Why cash flow is so important

Why cash flow is so important

Cash flow is vital to small businesses and is often one of the biggest problems business owners face.

Even before coronavirus, problems getting paid on time was a major issue with some business groups campaigning against late payments. In fact, QuickBooks’ most recent The State of Payments report reveals 44% of customers do not pay SMEs on time.

It says that 38% of SMEs have had cash flow problems that have left them unable to pay their debts.

Most problems for UK businesses are caused by late payments. But falling sales and a lack of thorough cash management also play their part.

What is cash flow?

Cash flow is the total, or net, amount of money being transferred into and out of a business. It can be in physical cash or in other ways, such as bank transfers.

As a business adds to its cash flow it indicates that the company is adding to its reserves.

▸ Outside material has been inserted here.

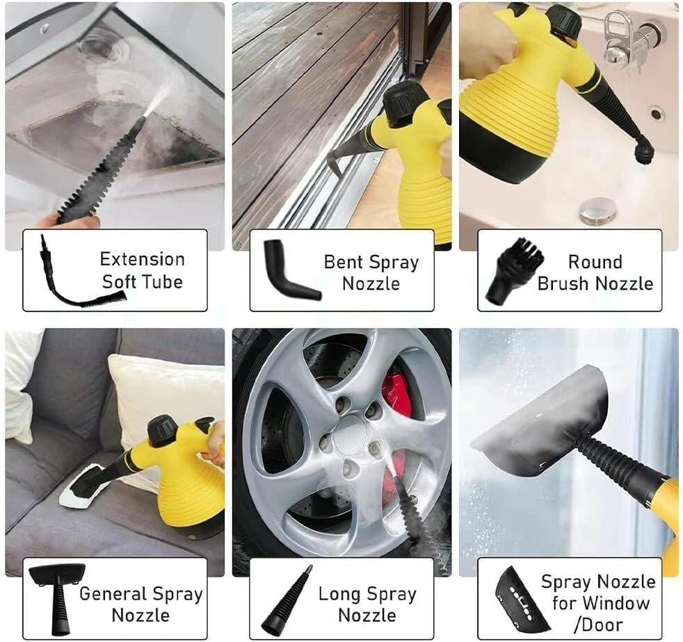High Pressure Steam Cleaner 350ml 1200W Power Multipurpose Portable Hand Cleaning with 9 Attachments Perfect for Removing Stains in Car Upholstery Home Kitchen Carpet Couch Multipurpose Steam Cleaner with Safety Lock 1200W Power is Best for Cleaning All Surfaces Remove Any Grease, Mold or Stains with Effortless High Pressure Steamer Designed to Clean Bathrooms, Toilets and Bathrooms Sput, glass and mirror, in to most other smooth surfaces. Perfect cleaning without chemicals Kills 99.99% of common household germs and provides up to 10 minutes of continuous steam cleaning Bring pure cleaning around the house with the steam cleaner. 350ml 1200W High Pressure Steam Cleaner Features: powerful hot steam: this steam cleaner runs at 1200W, heats water to 221°F (105°C) and provides up to 10 minutes of continuous steam. Thanks to its 350ml tank capacity and 2m long cord, it is ideal for indoor and outdoor use, easily removing grease and stubborn stains. VERSATILE ON MULTIPLE SURFACES Designed for use on a wide range of surfaces including ceramic, vinyl, hardwood floors, and moreSmooth surfaces clean beds, mattresses, duvet cover, sofa fabric and even clothes Removes wrinkles from shirts, pants and suits; Ideal for cleaning sinks, stoves, grills, upholstery, refrigerators, kitchens, windows, toilets, bathrooms, pet areas and car interiors. 9 ACCESSORIES INCLUDED: this powerful portable steam cleaner comes with a comprehensive 9-piece accessory set, featuring a straight nozzle, curved nozzle, extension hose, ironing brush, window squeegee, nylon brush, measuring cup, funnel, and cloth – everything you need for versatile cleaning tasks. Chemical Free & Safe: enjoy 100% chemical-free cleaning with no harmful fumes or residue. Equipped with a safety lock and safety lid, this steam cleaner ensures safe and environmentally friendly cleaning, making it a healthier choice for your home and family. Specifications of 350ml 1200W High Pressure Steam Cleaner: material: plastic. Special feature: multi-surface cleaning, chemical free, lightweight and portable. Total capacity of the tank:350ml, just put 280ml water max to leave some empty space to generate high pressure steam. Input Voltage:220-240V / 50-60Hz Power:1200W. Pressure:3.8bar Steam rate: 28g / min. Timing:10 minutes continuous. Color:Multi Country of Origin:Made in China Package included:1*Straight Nozzle, 1*Curved Nozzle, 1*Extension Hose, 1*Ironing Brush, 1*Window Squeegee, 1*Nylon Brush, 1*Measuring Cup, 1*Funnel, 1*Cloth.

This allows it to reinvest in the company or pay money to shareholders or to pay debts.

Cash flow includes all the cash generated by a company’s main business activities. At a basic level, is the business’s ability to create value for shareholders.

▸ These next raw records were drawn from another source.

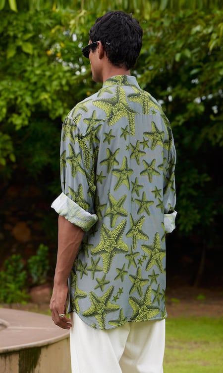 Green shirt featuring all-over star fish patterns and a hidden placket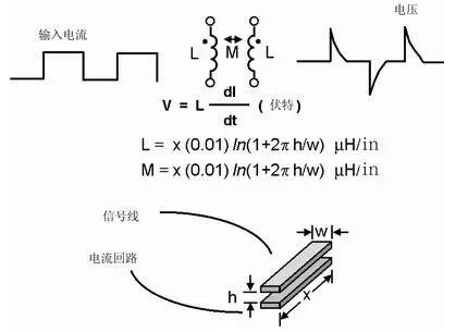在这两种走线配置中,一条走线上电流随时间的变化(dI/dt),由于这条走线的感抗,会在同一条走线上产生电压;并由于互感的存在,会在另一条走线上产生成比例的电流。如果在第一条走线上的电压变化足够大,干扰可能会降低数字电路的电压容限而产生误差。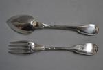 FOURCHETTE A DESSERT et CUILLERE A DESSERT en argent, modèle filets Paris, 1819-1838 Poids: 102 gr

In simple terms, there should be more cash flowing in than flowing out! Cash flow is an important measure of the health of your business but it should not be confused with profit.

Late payments

According to a study by SME Loans, 78% of small businesses have to wait at least one month after their agreement terms before they are finally paid.

It also states that 40% of SME owners say that large companies are the worst offenders.

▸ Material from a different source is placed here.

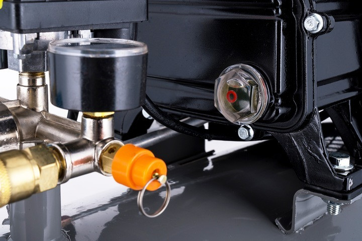 ✅ Компресор оснащений двома читаними манометрами. Манометри розташовані в такому положенні, яке полегшує зчитування параметрів.

The Department for Business, Energy & Industrial Strategy says 24% of businesses of all sizes say late payments threaten their survival.

Late payments contribute to 50,000 small business failures a year. As well as the amount owed, it costs businesses three days a month to chase money they are owed, which is about £5,000 in working hours.

The key to success

Cash flow is key for all businesses, which is why late payments cause issues. Without the cash flowing in it is impossible to buy stock or invest in vital equipment.

It can also have an impact on the company’s financial risk profile, which may affect its ability to borrow and raise funds.

How to solve cash flow issues

  • The first thing to consider is what you’re spending. If your cash is flowing out more than in, check what you’re buying. It might be tempting to purchase new equipment that you don’t need, or to buy in services that you cannot afford.
  • Next, look at your customers’ ability to pay on time. If that’s the case you need to improve your credit control processes. If you do not have the time or resources to do this, then consider outsourcing the task to an expert firm. Sometimes paying for their services is covered by fewer cash flow problems.
  • What are your credit terms for customers? If they are out of sync with your suppliers’ terms you can often end up with a cash flow problem. If your suppliers want paying in 14 days but your customers’ terms are 30 then try renegotiating so they are the same.
  • Profits are not cash flow, but they do affect it. If you’re not making enough profit you will run out of cash. So consider your prices, increase sales or control your expenditure.
  • Lack of cash flow forecasting is essential. We can create these for customers but if you want to try yourself, we will give you some advice in our next blog. Forecasts highlight a lot of issues and if you can see the bigger picture it can help you with your cash flow.